DATASET:
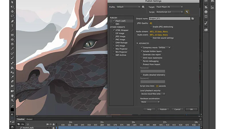 Erreichen Sie Ihr Publikum auf Desktops, Mobil- und Fernsehgeräten. Exportieren Sie Ihre Animationen für HTML5 Canvas, WebGL, Flash/Adobe AIR oder alternative Formate wie SVG. Sie können direkt in Ihren Projekten coden. Aktionen können Sie aber auch ohne Programmierung definieren.
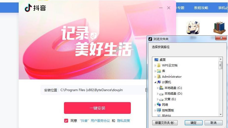 抖音PC版默认安装位置在c盘的文件夹中,点击浏览将安装程序的文件夹替换为另一个驱动器,勾选同意抖音用户服务协议和隐私政策。单击一个按钮进行安装
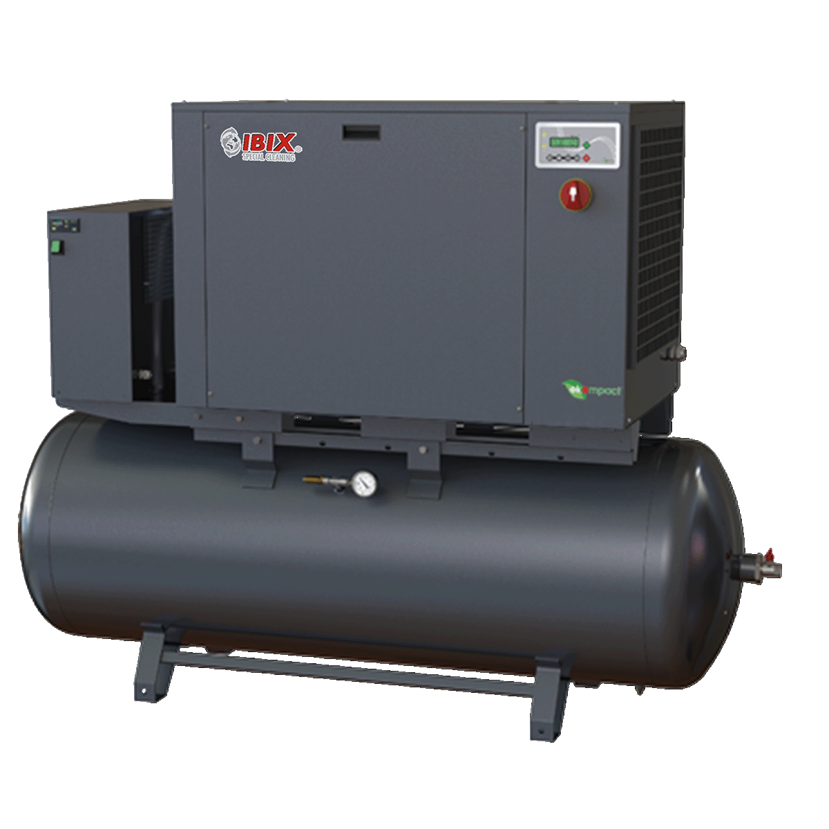 L’affidabilità dei componenti garantisce aria perfettamente trattata, priva di condensa. L’aria atmosferica viene pompata dal compressore attraverso l’essiccatore e successivamente accumulata nel serbatoio.
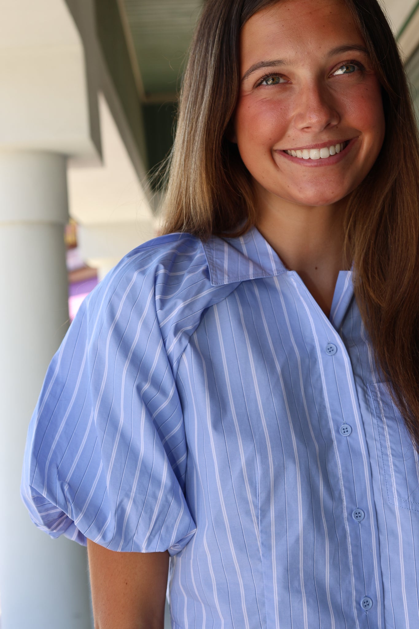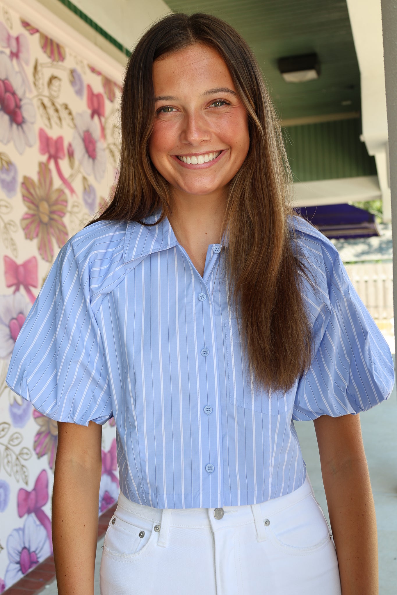 The Reece Top is a cute puff short sleeve button-down with blue stripes that gives off major fun and fresh vibes. Its lightweight fabric keeps you comfy all day, while the playful sleeves add a trendy touch to any outfit. Perfect for hanging out or casual days, this top is easy to dress up or down.
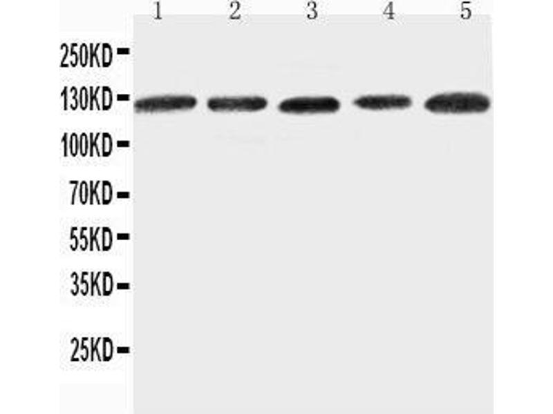 Tissue Specificity: Isoforms containing segment A are predominantly expressed in skeletal muscle. Isoforms containing segment B are abundantly expressed in skeletal muscle, moderately in cardiac muscle, small intestine, colon, ovary and prostate and weakly in lung and testes. Isoforms containing segment X2D are expressed at low levels in fetal and adult skeletal muscle and in cardiac muscle, but are not detected in myoblasts and myotubes. In muscle fibers isoforms containing segment A and B are expressed at myotendinous and neuromuscular junctions, isoforms containing segment C are expressed at neuromuscular junctions and at extrasynaptic sites. Isoforms containing segments X1 or X2 or, at low levels, X1X2 are expressed in fetal and adult skeletal muscle (myoblasts and myotubes) and cardiac muscle. .
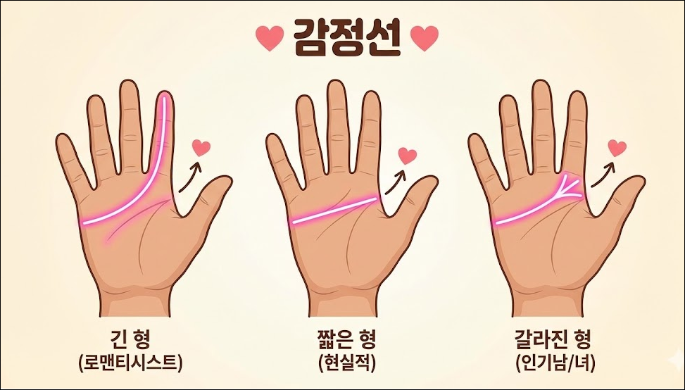 • 감정선에 가까울수록: 조혼(이른 결혼)을 할 가능성이 높습니다. (20대 초중반)
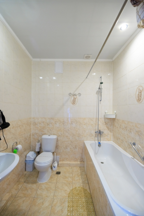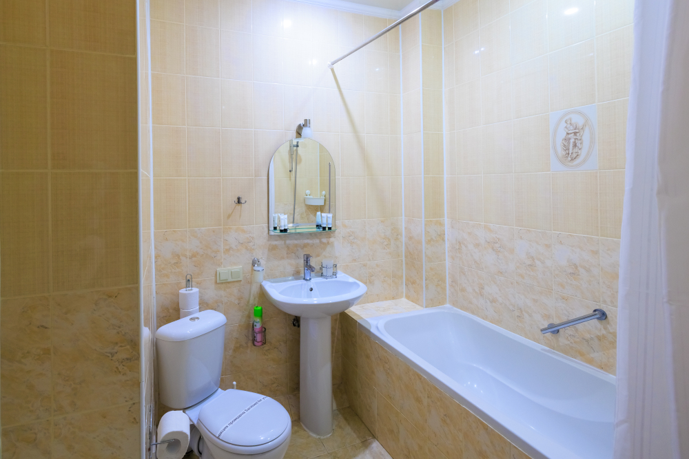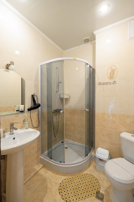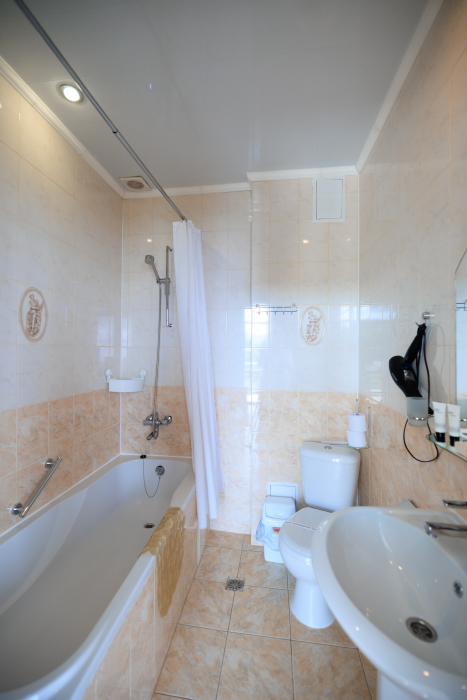 Номер - 16 кв.м с удобствами (совмещенный санузел с душевой кабинкой, тапочки, туалетные принадлежности, фен, 2 халата).
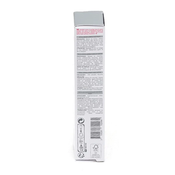 Cette crème correctrice contient notamment du nonapeptide-1, un ingrédient qui va agir directement sur les mélanocytes, les cellules responsables de la coloration de l’épiderme, afin d’empêcher la formation de nouvelles taches et de réduire celles qui sont déjà présentes. Il contribue à améliorer l’aspect de la peau en éclaircissant les taches et en diminuant leur taille. L’action hydratante et nourrissante de la crème est quant à elle apportée par la glycérine présente dans la formule.
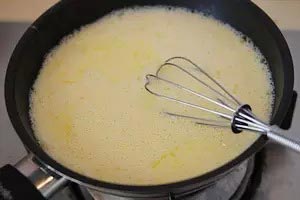 2、把小鍋小火加熱并不斷攪拌,直到鍋里的液體開始要沸騰為止,離火。
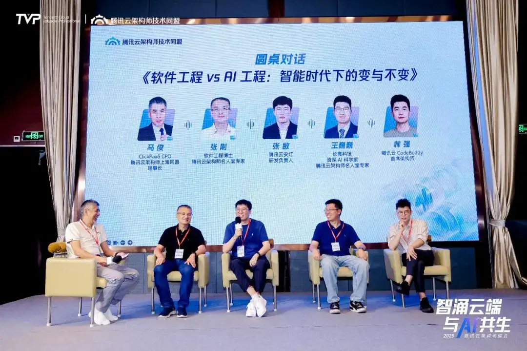 圆桌对话环节,在马俊主持下,张刚、张敏、王巍巍和腾讯云 CodeBuddy 首席架构师、腾讯云架构师名人堂专家 林强齐聚,进行《软件工程 vs AI 工程:智能时代下的变与不变》的深度对话,探讨 AI 重构一切的今天,必须坚守的软件工程根基以及将被重新定义的规则等话题。
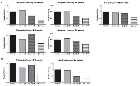 Finally, we confirmed the efficacy of the combination of amitriptyline and bortezomib or melphalan in primary cells obtained from the bone marrow of relapsed/refractory MM patients. We isolated the CD138+ fraction from bone marrow samples, treated them immediately with varying doses of Bz (n = 5) and Mel (n = 2), and added amitriptyline as a single agent (10 µM) or in combination with either Bz or Mel. When using low doses of either drug, we observed an increased drug effect of 24% to 50%, depending on the patient sample, by adding amitriptyline (Figure 5A,B).
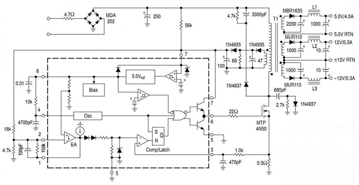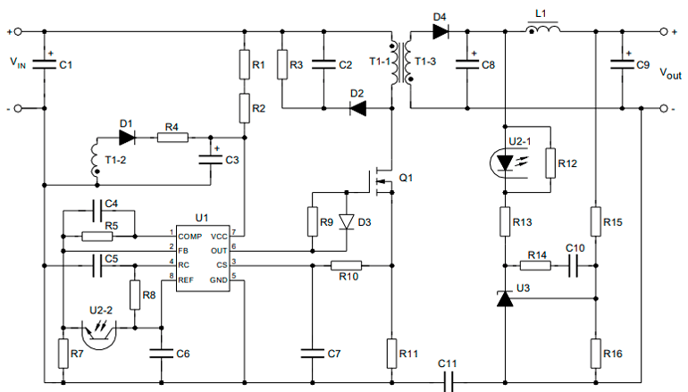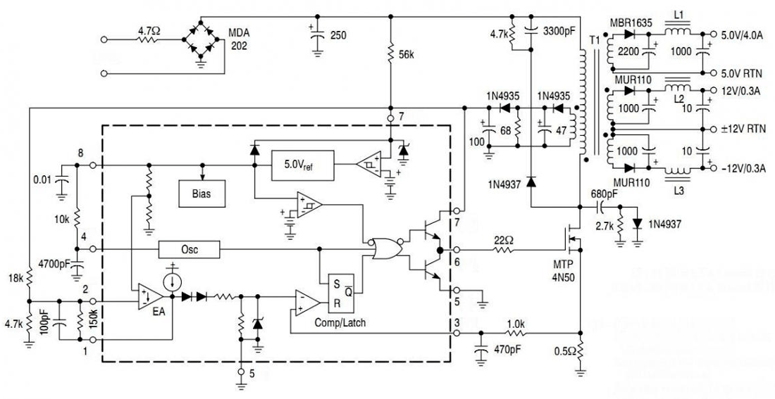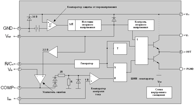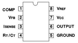 Микросхема UC 3842 реализует ШИМ-контроллер с обратной связью, построенный на базе полевых транзисторов.

WORK TO BE COMPLETED:
Copy out every line of the material above precisely, omitting the pictures.

WRITTEN RESPONSE:
 Erreichen Sie Ihr Publikum auf Desktops, Mobil- und Fernsehgeräten. Exportieren Sie Ihre Animationen für HTML5 Canvas, WebGL, Flash/Adobe AIR oder alternative Formate wie SVG. Sie können direkt in Ihren Projekten coden. Aktionen können Sie aber auch ohne Programmierung definieren.
 抖音PC版默认安装位置在c盘的文件夹中,点击浏览将安装程序的文件夹替换为另一个驱动器,勾选同意抖音用户服务协议和隐私政策。单击一个按钮进行安装
 L’affidabilità dei componenti garantisce aria perfettamente trattata, priva di condensa. L’aria atmosferica viene pompata dal compressore attraverso l’essiccatore e successivamente accumulata nel serbatoio.
 The Reece Top is a cute puff short sleeve button-down with blue stripes that gives off major fun and fresh vibes. Its lightweight fabric keeps you comfy all day, while the playful sleeves add a trendy touch to any outfit. Perfect for hanging out or casual days, this top is easy to dress up or down.
 Tissue Specificity: Isoforms containing segment A are predominantly expressed in skeletal muscle. Isoforms containing segment B are abundantly expressed in skeletal muscle, moderately in cardiac muscle, small intestine, colon, ovary and prostate and weakly in lung and testes. Isoforms containing segment X2D are expressed at low levels in fetal and adult skeletal muscle and in cardiac muscle, but are not detected in myoblasts and myotubes. In muscle fibers isoforms containing segment A and B are expressed at myotendinous and neuromuscular junctions, isoforms containing segment C are expressed at neuromuscular junctions and at extrasynaptic sites. Isoforms containing segments X1 or X2 or, at low levels, X1X2 are expressed in fetal and adult skeletal muscle (myoblasts and myotubes) and cardiac muscle. .
 • 감정선에 가까울수록: 조혼(이른 결혼)을 할 가능성이 높습니다. (20대 초중반)
 Номер - 16 кв.м с удобствами (совмещенный санузел с душевой кабинкой, тапочки, туалетные принадлежности, фен, 2 халата).
 Cette crème correctrice contient notamment du nonapeptide-1, un ingrédient qui va agir directement sur les mélanocytes, les cellules responsables de la coloration de l’épiderme, afin d’empêcher la formation de nouvelles taches et de réduire celles qui sont déjà présentes. Il contribue à améliorer l’aspect de la peau en éclaircissant les taches et en diminuant leur taille. L’action hydratante et nourrissante de la crème est quant à elle apportée par la glycérine présente dans la formule.
 2、把小鍋小火加熱并不斷攪拌,直到鍋里的液體開始要沸騰為止,離火。
 圆桌对话环节,在马俊主持下,张刚、张敏、王巍巍和腾讯云 CodeBuddy 首席架构师、腾讯云架构师名人堂专家 林强齐聚,进行《软件工程 vs AI 工程:智能时代下的变与不变》的深度对话,探讨 AI 重构一切的今天,必须坚守的软件工程根基以及将被重新定义的规则等话题。
 Finally, we confirmed the efficacy of the combination of amitriptyline and bortezomib or melphalan in primary cells obtained from the bone marrow of relapsed/refractory MM patients. We isolated the CD138+ fraction from bone marrow samples, treated them immediately with varying doses of Bz (n = 5) and Mel (n = 2), and added amitriptyline as a single agent (10 µM) or in combination with either Bz or Mel. When using low doses of either drug, we observed an increased drug effect of 24% to 50%, depending on the patient sample, by adding amitriptyline (Figure 5A,B).
 Микросхема UC 3842 реализует ШИМ-контроллер с обратной связью, построенный на базе полевых транзисторов.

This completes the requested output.